Tech recycling directive faces further delays

The UK risks slipping even further behind with the implementation of the controversial WEEE directive
Written by Andrew Donoghue, Contributor

The UK government is believed to be on the verge of announcing that implementation of the Waste Electronic and Electrical Equipment (WEEE) directive may be delayed again by up to six months.

A spokeswoman for the Department of Trade and Industry confirmed that an announcement around the directive, which has already been delayed six months, would be made this week but wouldn't confirm any more details.

The directive was originally meant to become law in the UK in August this year, but in March the DTI announced it would be delayed until January 2006. Then in August the DTI announced that the legislation would be delayed until at least June 2006.

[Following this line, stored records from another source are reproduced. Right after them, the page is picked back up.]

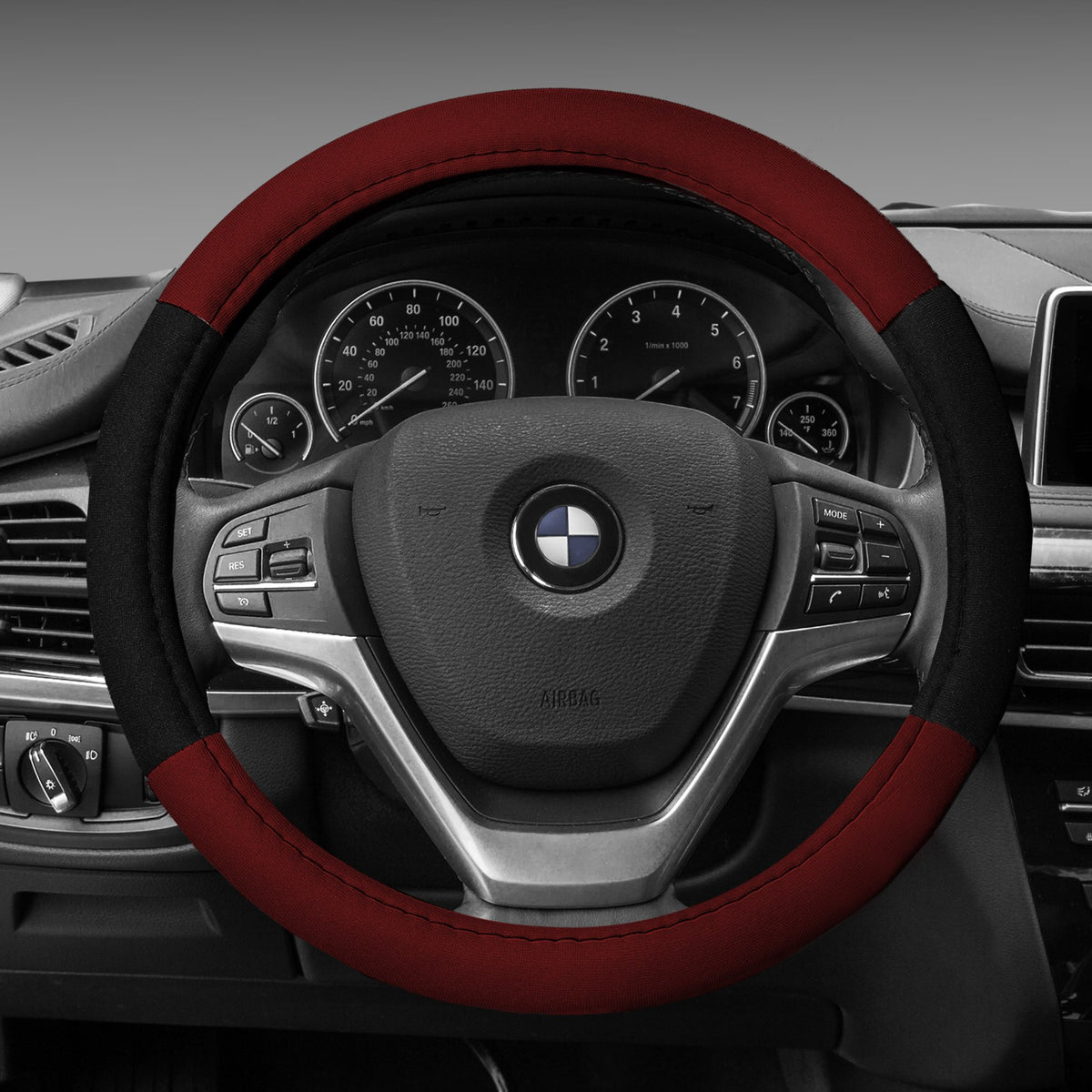 Fh Group Universal Fit Modernistic And Seat Belt Pads Combo Set Red Steering Wheel Cover Fits Most Cars, Suvs
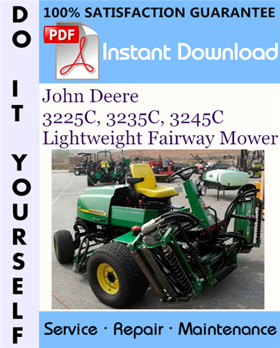 This is the COMPLETE factory Technical Manual for the John Deere 3225C, 3235C, 3245C Lightweight Fairway Mower. This manual is very detailed and contains information and data to this model. has specs, diagrams, and actual real photo illustrations, and schemes. which give you complete step by step operations on repair, assembly, disassembly, Diagnosing, servicing, technical maintenance & troubleshooting procedures for your machine.
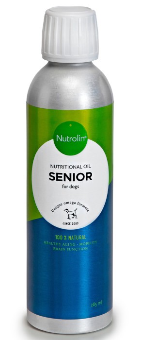 Nutrolin Senior's omega-3-fettsyror, antioxidanter och E-vitamin skyddar den äldre kroppen mot inflammationsreaktioner, optimerar njurarnas funktion hos hundar som lider av njursvikt och ger rörligare leder och ett bättre humör.
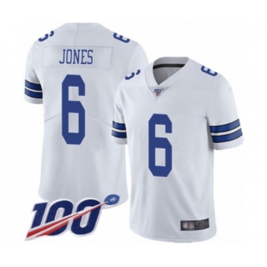 >Men's Dallas Cowboys #6 Chris Jones White Vapor Untouchable Limited Player 100th Season Football Jersey
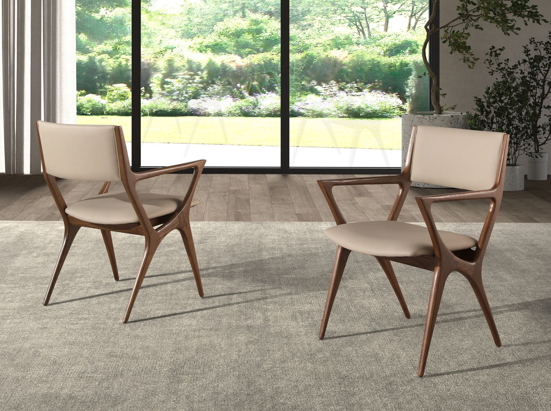 Стул с подлокотниками в современном дизайне, с сиденьем и спинкой, обитыми кожзаменителем цвета норки. Его деревянные ножки орехового цвета в авангардном, но неподвластном времени стиле сделают его незаменимым предметом мебели для вашей кухни или столовой. Этот стул от Angel Cerdá сочетает в себе уникальный и индивидуальный стиль бренда, а также максимальный комфорт и устойчивость благодаря высокому качеству обивки и оригинальной конструкции ножек.
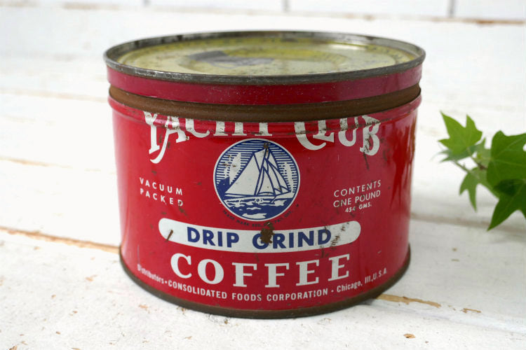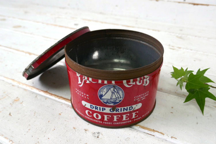 YACHT CLUB COFFEE ヨット カラフル 蓋付き 50's ヴィンテージ コーヒー缶 ティン缶 USA
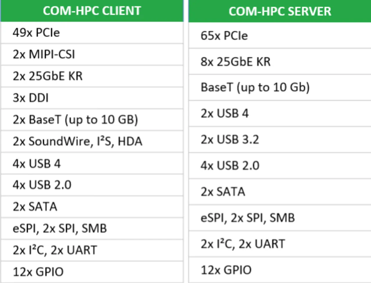Die Server-Module bieten eine große Anzahl an PCIe Lanes und Ethernet-Schnittstellen sowie Platz für große Speicherarrays und Kühlmodule. Insgesamt stehen bis zu 65 PCIe Lanes bereit, beispielsweise für den Anschluss von Hardwarebeschleunigern und Massenspeicher. Zudem unterstützen die Module bis zu acht KR-Ethernet-Schnittstellen, wobei die Bandbreite pro Port je nach Implementierung von 1 Gbit/s (z. B. 1000Base-KX) bis25 Gbit/s (z. B. 25GBase-KR) skalierbar ist. Zusätzlich ist ein BASE-T-Port mit bis zu 10 Gbit/s Bandbreite (10GBASE-T) für Managementaufgaben definiert.

The UK government has been heavily criticised by the European Commission for dragging its heels over the recycling initiative. The EC sent a warning to the UK government in July warning that the government could be taken before the European Court for failing to enact legislation in the specified time-frame.

The most recent delays are believed to be linked to the government's decision to reject industry calls for a National Clearing House – the mechanism proposed for how waste technology will actually be collected and distributed to recyclers. Businesses are believed to be concerned that the alternative suggested by the DTI is not logical or workable.

]The European Commission announced in July that it was taking legal action against Estonia, Finland, France, Greece, Italy, Malta, Poland and the UK. All eight countries have yet to enact the WEEE directive into national law.

"We need an explanation as to why countries can't implement legislation. This directive had been on the books for a long time, and other countries have implemented it," a spokeswoman for the EC's environment commissioner told ZDNet UK at the time.